Harsh but fair

Open source chicanery and the battle with my inner geek

Snmpd filling up /var/log/messages

Posted by raetsel on February 15, 2008

Update May 2009: This  post has generated lots of alternative ideas in the comments so make sure you read through them to see what might work for your server.
 
At work we have a central monitoring system for servers called Solarwinds Orion Network Manager, this uses standard snmp connections to servers to get their status, disk usage, CPU performance.
On my RHEL5 linux servers the standard snmpd daemon works well with Solarwinds but the monitoring server seems to make a lot of connections to the system and each one gets logged via the syslog daemon to /var/log/messages giving rise to lots of lines saying things like

snmpd[345435]: Connection from UDP: [10.225.46.136]:135

last message repeated 8 times

last message repeated 13 times

These are only information messages saying a connection has been established.

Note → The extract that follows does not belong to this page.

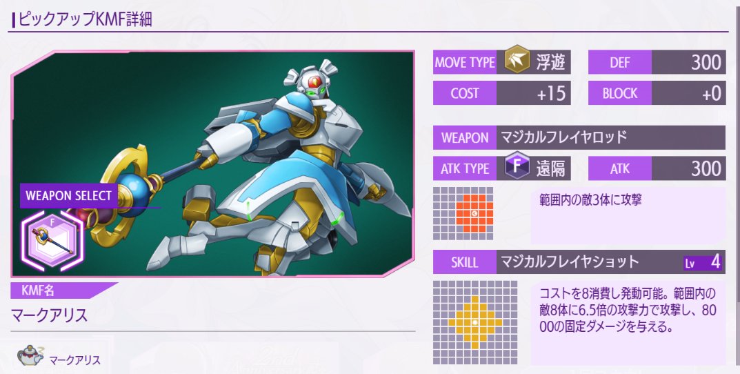 これだけ凶悪だと今後KMFスキル封じの敵がさらに増えるんだろうな…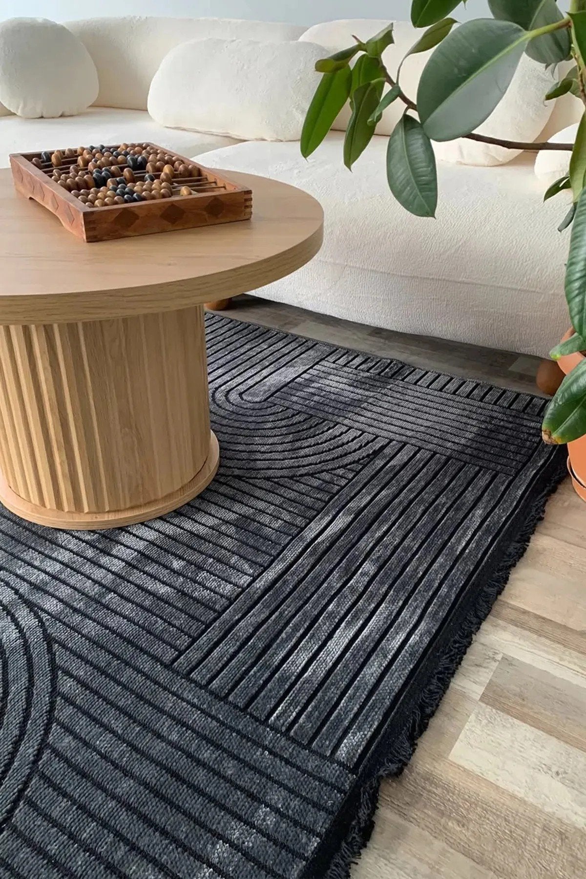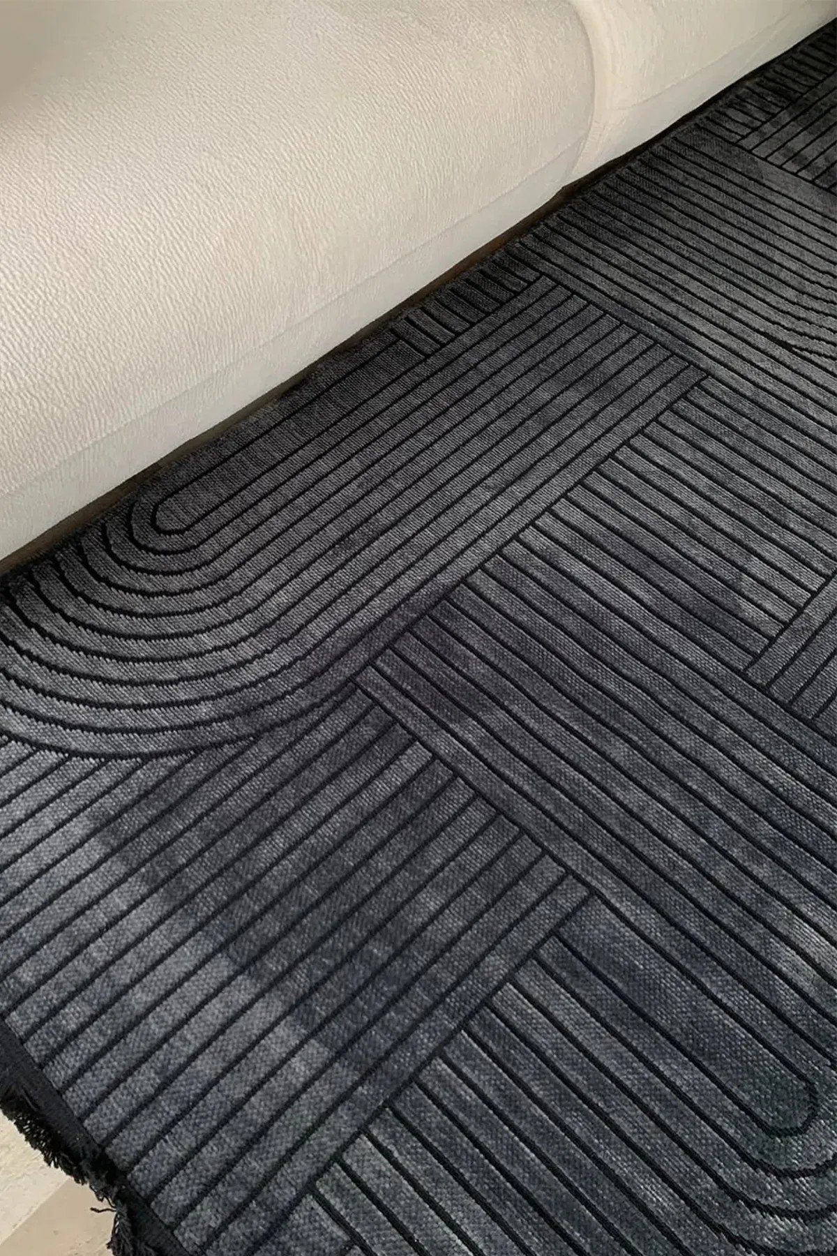 BOHEM DESEN YIKANABİLİR ANTRASİT ŞÖNİL KİLİM

This is rather annoying when you are trying to read other things in /var/log/messages. The way to turn off these messages is to change the logging options of the snmpd daemons.

On Redhat ( and Ubuntu) the default logging ( the -L options ) show:–

-Ls d

Meaning log to syslog using the facility of daemon ( see syslogd and syslog.conf for more information on what that means in detail, for now suffice it to say it means all messages are written to /var/log/messages ).

The man pages for snmpcmd ( common to all net-snmp programmes ) explain you can set this to only log messages above a certain priority.

Using priorities 0-4 means warning messages, errors, alerts and critical etc messages are logged but notice info and debug level messages are ignored.

The manual pages are not that clear, to me at least at first, hence this blog.

So if we change the -Ls d to the following this will stop those messages but still allow important messages to get through:–

LS 0-4 d

The capital S is crucial to the syntax.

So where and how do we set these options? Well the snmpd daemon is started by a standard init script /etc/init.d/snmpd

In both RHEL5 and Ubuntu the scripts have some default options but also read in settings from a config file. In Ubuntu the relevant portion of the script is:-

SNMPDOPTS=’-Lsd -Lf /dev/null -p /var/run/snmpd.pid’
TRAPDRUN=no
TRAPDOPTS=’-Lsd -p /var/run/snmptrapd.pid’
#Reads config file (will override defaults above)
[ -r /etc/default/snmpd] && . /etc/default/snmpd

So this sets the variable SNMPDOPTS to the default value and then if the file /etc/default/snmpd is readable it “sources” the content of that file.

Thus if /etc/default/snmpd contains the line

SNMPDOPTS='-LS 0-4 d -Lf /dev/null -p /var/run/snmpd.pid'

Then stopping and starting the snmpd daemon will make it run with the new logging options we want.

sudo /etc/init.d/snmpd restart

In RHEL5 the equivalent file is /etc/snmp/snmpd.options and the equivalent variable is OPTIONS rather than SNMPDOPTS

Now there could be security implications to not recording the IP address of every SNMP request on your server in case some other system is connecting that shouldn’t be, but there are ways with community strings and other authentication options for SNMP to reduce the risk of that.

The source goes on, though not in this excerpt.